- _WORK TASK_
Without its pictures, the listing below is to be transcribed exactly.

-- COLLECTED DATA follows --

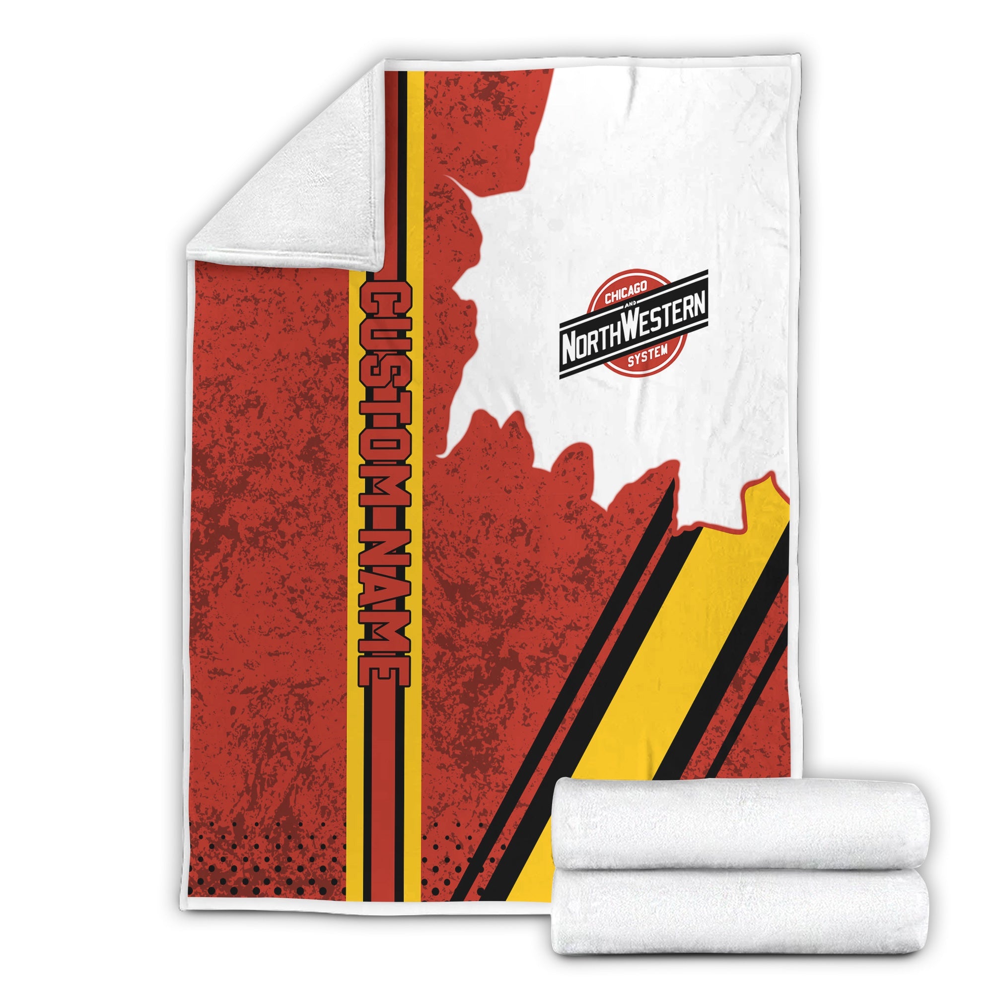 Railspirit Personalized Chicago and North Western Railway Blanket Vintage All Over Printed Blanket
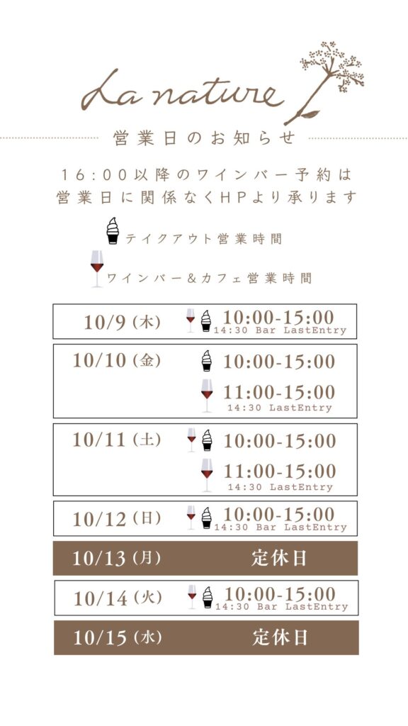 15日水曜日は営業する可能性もあります。その際はインスタにて当日ご案内いたします。
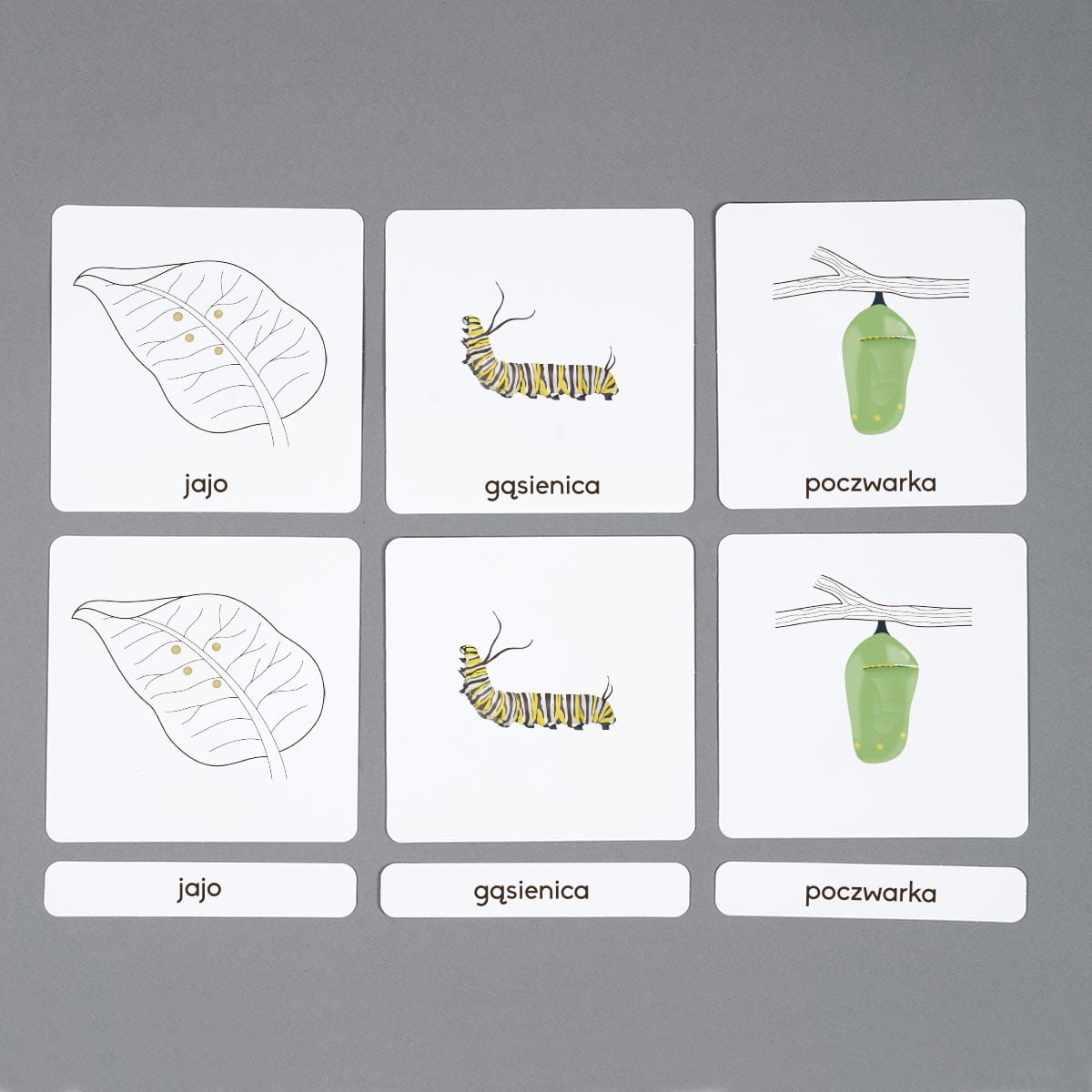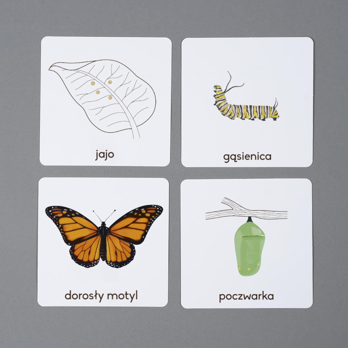 Karty przedstawiają poszczególne stadia rozwoju czyli jajo, gąsienicę, poczwarkę oraz dorosłego owada. Zostały one pokazane na białym tle, tak aby maksymalnie wspierać skupienie uwagi u dzieci. Zestaw zawiera również kartę kontrolną ukazującą kierunek rozwoju motyla. Plakat i pasujące memory umożliwiają dodatkowe aktywności.

-- COLLECTED DATA concluded --

- _EXERCISE RESULT_
 Railspirit Personalized Chicago and North Western Railway Blanket Vintage All Over Printed Blanket
 15日水曜日は営業する可能性もあります。その際はインスタにて当日ご案内いたします。
 Karty przedstawiają poszczególne stadia rozwoju czyli jajo, gąsienicę, poczwarkę oraz dorosłego owada. Zostały one pokazane na białym tle, tak aby maksymalnie wspierać skupienie uwagi u dzieci. Zestaw zawiera również kartę kontrolną ukazującą kierunek rozwoju motyla. Plakat i pasujące memory umożliwiają dodatkowe aktywności.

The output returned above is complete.